LoRA (Low-Rank Adaptation) is a method for fine-tuning AI models, allowing them to focus on specific parts of an image, such as the face. In the video, the speaker refers to a LoRA file that is used to concentrate on facial features during image generation.

💡VAE

VAE stands for Variational Autoencoder, which is a type of generative model used for image generation and compression. In the video, the VAE file is used to post-process the generated images, enhancing their quality to make them more photorealistic.

💡Negative Prompt

A negative prompt is a directive given to an AI model to exclude certain elements or features from the generated output. The speaker mentions a negative prompt file that helps to prevent unwanted elements, such as unnecessary fingers or limbs, from appearing in the generated images.

💡Text-to-Image

Text-to-Image is a process where AI models generate images based on textual descriptions. This is the core theme of the video, where the speaker explains how to use Stable Diffusion to create images from text prompts.

💡Sampling Method

Sampling method refers to the algorithm used by AI models to generate images from prompts. The speaker mentions 'dpn+' and 'sde' as common sampling methods used in Stable Diffusion.

💡CFG Scale

CFG Scale is a parameter in Stable Diffusion that determines how closely the generated image adheres to the input text prompt. A lower value gives the AI more freedom, while a higher value ensures the image closely follows the prompt.

💡Seed

In the context of AI image generation, a seed is a numerical value that determines the randomness of the output. By specifying a seed, the user can generate a consistent or desired outcome.

Highlights

The speaker is explaining the process of creating AI-generated images that resemble real-life photographs.

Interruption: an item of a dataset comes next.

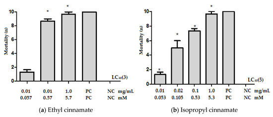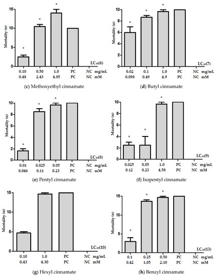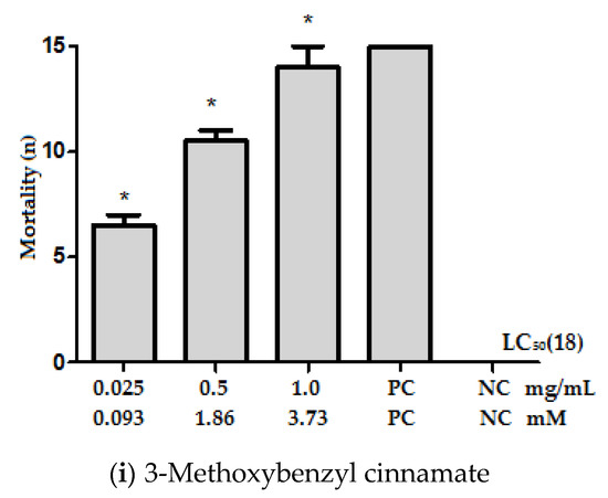 The best larvicidal activity among different cinnamic acid derivative concentrations: (a) ethyl cinnamate, (b) isopropyl cinnamate, (c) methoxyethyl cinnamate, (d) butyl cinnamate, (e) pentyl cinnamate, (f) isopentyl cinnamate, (g) hexyl cinnamate, (h) benzyl cinnamate and (i) 3-metoxybenzyl cinnamate against Ae. aegypti larvae after 24 h (expressed in mg/mL and convert mM). PC = positive control, NC = negative control. (*) Indicates results that are significantly different from the controls.

The process is complex, and the speaker has been contemplating how to simplify it for an audience.

The speaker plans to prepare a detailed, in-depth video on the subject, but today will focus on a simplified method.

There are four files that need to be downloaded before starting the process.

The first file, '체크 포인트' (Checkpoint), is a model that provides the overall image.

The second file, '로라' (Lora), is a model that focuses on specific parts, typically the face.

The third file, 'vae', is used for post-generation image adjustments to achieve a more photo-like quality.

The fourth file, '네티티브 프롬프트' (Negative Prompt), helps to prevent unnecessary elements like extra fingers or limbs from appearing in the generated image.

The speaker will guide the audience through the installation of Stable Diffusion Web UI, which can be done locally or using Google Colab.

Google Colab allows users to access Google's network and use Google's computers, providing high performance even on low-spec computers.

The speaker provides a step-by-step guide on how to access and use Google Colab for the image generation process.

The speaker emphasizes the importance of following the tutorial closely and not giving up, even if it seems complex at first.

The speaker explains how to upload the downloaded files to Google Drive and use them in the Stable Diffusion Web UI.

The speaker provides detailed instructions on how to set up the Stable Diffusion Web UI with the downloaded files.

The speaker discusses the various settings and options available in the Stable Diffusion Web UI, such as sampling methods and generation options.

The speaker explains the use of positive and negative prompts to guide the AI in generating the desired image.

The speaker warns about the commercial use of the models and their derivatives, emphasizing the need to credit the model and include a link to the model card.

The speaker plans to create a follow-up video with more detailed instructions on how to improve the quality and accuracy of the generated images.